Scientists can access the majority of its capabilities, for free, through the AlphaFold Server
AlphaFold homepage
AlphaFold 2.3.2+ is available on Grace as a singularity container created from tacc/alphafold
/sw/hprc/sw/bio/containers/alphafold/alphafold_2.3.2.sif
The AlphaFold 2.3.2 database and newer versions are found in the following directory
/scratch/data/bio/alphafold/
If using the singularity image, you can either run alphafold using the following command while using the VNC portal app or from within your job script.
Be sure to select a GPU when launching the VNC app.
singularity exec /sw/hprc/sw/containers/alphafold/alphafold_2.3.2.sif python /app/alphafold/run_alphafold.py --helpfull
See the Biocontainers page for additional details on how to use .sif image files.
ParaFold
ParaFold is the preferred approach to run AlphaFold on the HPRC clusters, especially ACES, since it does not hold the GPU idle for hours during the multiple sequence alignment step.

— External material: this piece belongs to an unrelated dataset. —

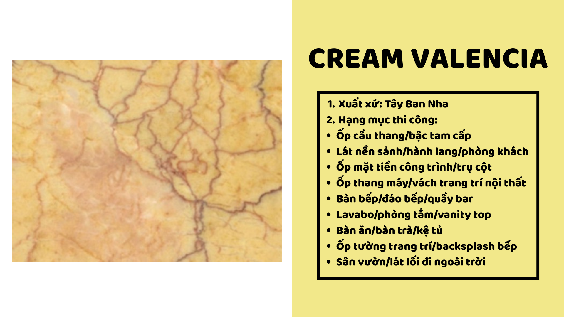 Giới thiệu về đá Marble Vàng Cream Valencia
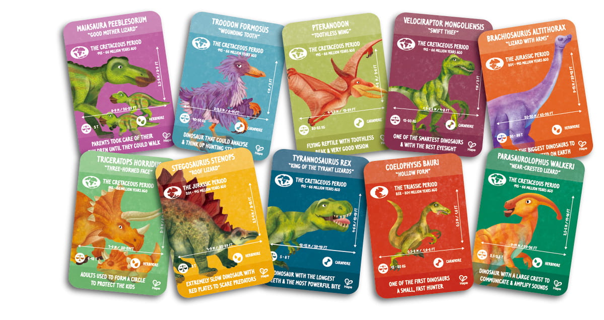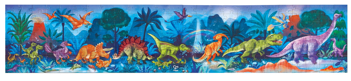 A 200 darabos kirakó padlópuzzle formátumban készül, így nagy felületen rakható össze. A csomag 10 ismeretterjesztő kártyát is tartalmaz, amelyek érdekességeket osztanak meg a dinoszauruszokról.

ParaFold This project is a modified version of DeepMind's AlphaFold2 to achieve high-throughput protein structure prediction.
example job script
This is an example job script that will run the two parts of parafold. The first part is a job that runs multiple sequence alignments on a CPU only node. When that job completes successfully, the second job is submitted by the first job script. The second job will run the structure prediction part on a GPU node.
#!/bin/bash
#SBATCH --job-name=parafold-cpu # job name
#SBATCH --time=1-00:00:00 # max job run time dd-hh:mm:ss
#SBATCH --ntasks-per-node=1 # tasks (commands) per compute node
#SBATCH --cpus-per-task=48 # CPUs (threads) per command
#SBATCH --mem=488G # total memory per node
#SBATCH --output=stdout.%x.%j # save stdout to file
#SBATCH --error=stderr.%x.%j # save stderr to file
module purge
module load GCC/11.3.0 OpenMPI/4.1.4 ParaFold/2.0-CUDA-11.8.0
ALPHAFOLD_DATA_DIR=/scratch/data/bio/alphafold/2.3.2
protein_fasta='/scratch/data/bio/alphafold/example_data/1L2Y.fasta'
model_preset=multimer # monomer, monomer_casp14, monomer_ptm, multimer
max_template_date=2024-1-1
jobstats &
# First, run CPU-only steps to get multiple sequence alignments:
run_alphafold.sh -d $ALPHAFOLD_DATA_DIR -o parafold_output_dir -i $protein_fasta -p $model_preset -t $max_template_date -f
# Second, run GPU steps as a separate job after the first part completes successfully:
sbatch --job-name=parafold-gpu --time=2-00:00:00 --ntasks-per-node=1 --cpus-per-task=24 --mem=122G --gres=gpu:h100:1 --partition=gpu --output=stdout.%x.%j --error=stderr.%x.%j --dependency=afterok:$SLURM_JOBID<<EOF
#!/bin/bash
module purge
module load GCC/11.3.0 OpenMPI/4.1.4 ParaFold/2.0-CUDA-11.8.0
jobstats -i 1 &
echo "run_alphafold.sh -g -u 0 -d $ALPHAFOLD_DATA_DIR -o $pf_output_dir -p $model_preset -i $protein_fasta -t $max_template_date"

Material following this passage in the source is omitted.